Rudolf Sendig im Jahre 1896 Rudolf Sendig
in Bad Schandau

"Was ich in der Arbeit vieler Jahre an Wissen und Können erworben, was ich mir auf meinem Fachgebiete als unverlierbaren Schatz angeeignet hatte, das durfte ich vor allem einem Stück Erde zugute kommen lassen, das ich mit Vorliebe als meine "ewig junge Geliebte" bezeichnete.
Fünfzig Jahre werbe ich nun schon unermüdlich um ihre mir in reichem Maße zuteil gewordene Gunst, und niemals ist sie gealtert, und noch immer hängt mein Herz mit gleicher Treue an ihr, an dem anmutigen Städtchen Schandau an der Elbe und seiner unvergleichlichen Umgebung. Das Städtebild Schandaus hat sich im letzten halben Jahrhundert wenig verändert.
Von Straßen ist nur eine neu entstanden, die König-Albert-Straße.
Einige Straßen sind allerdings umgetauft worden.
Die Zahl der Einwohner ist auch die gleiche geblieben. Nur ihre Namen haben sich vielfach verändert. Damals hießen die meisten Schandauer "Hering", so daß Paul Lindau in einer humoristischen Plauderei über Schandau, die im Jahre 1873 in "über Land und Meer" erschien, folgende scherzhafte Bemerkung machte: "Die meisten Schandauer heißen Hering. Man hat kaum ein Dementi zu erleiden, wenn man zu jedem Schandauer "Guten Morgen Herr Hering" sagt. Ein einziges Mal passierte es mir, daß der Betroffene sagte: "Nee, Herr Doktor, Sie verwechseln mich mit meinem Schwager".
Eine würdige Ausnahme machte eine nützliche Dame in Schandau, Frau Venus, Hebamme.
Ich muß immmer lachen, wenn ich im Tannhäuser singen höre: "Zu dir, Frau Venus, kehr ich wieder!" Ich möchte Schandau mit einer jungen bildhübschen Dame vergleichen, die wenig Vermögen hat. Schandau ist der lieblichste, schönstgelegene Ort im ganzen Sachsenlande.
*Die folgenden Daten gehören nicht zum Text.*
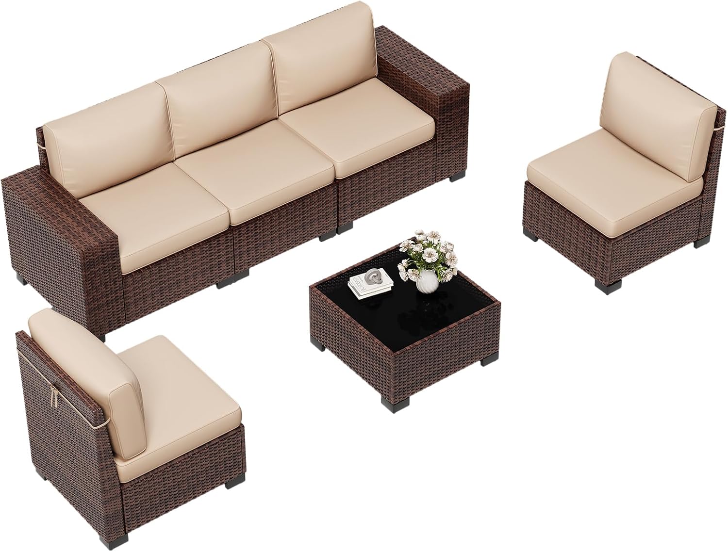 6 Pieces Outdoor Patio Furniture Set with Table Brown Rattan Sectional Sofa Conversation Sets for Balcony Lawn and Garden (Beige, 6 pcs w/Table)

Aber es fehlt ihm eine Heilquelle, nach der indes in nächster Zeit gebohrt werden soll. Um so höher ist es zu bewerten, daß es trotzdem einen so hohen Aufschwung genommen hat. Schandau ist die vornehmste Sommerfrische und der bedeutsamste Nachkurort Sachsens, und schon der berühmte Geheimrat Henoch, Kinderarzt der ehemaligen kaiserlichen Familie, rühmte Schandau mit den Worten: "Die von der Sonne durchwärmte Elbluft ist besonders für den Organismus der Kinder zu empfehlen." Aber Schandau mußte immer kämpfen um seine Stellung zu behaupten. Damals, in der Zeit, von der ich spreche, gab es noch nicht die Hunderte von Sommerfrischen, die in den letzten Jahrzehnten entstanden sind. Es gab in Sachsen überhaupt nur ein Bad, das in Frage kam, das war das königliche Bad Elster, das sich allerdings des besonderen Schutzes der Regierung erfreute und noch heute erfreut, während Schandau immer auf sich selbst angewiesen war.
Trotz alledem genießt Schandau einen Weltruf und hat sich ihn bis zum heutigen Tage zu erhalten gewußt. Die Dresdner hatten für Schandau nie viel übrig. Es war ihnen als Sommerfrische zu nahe und zu teuer, wogegen die Berliner Schandau und die Sächsische Schweiz außerordentlich bevorzugten."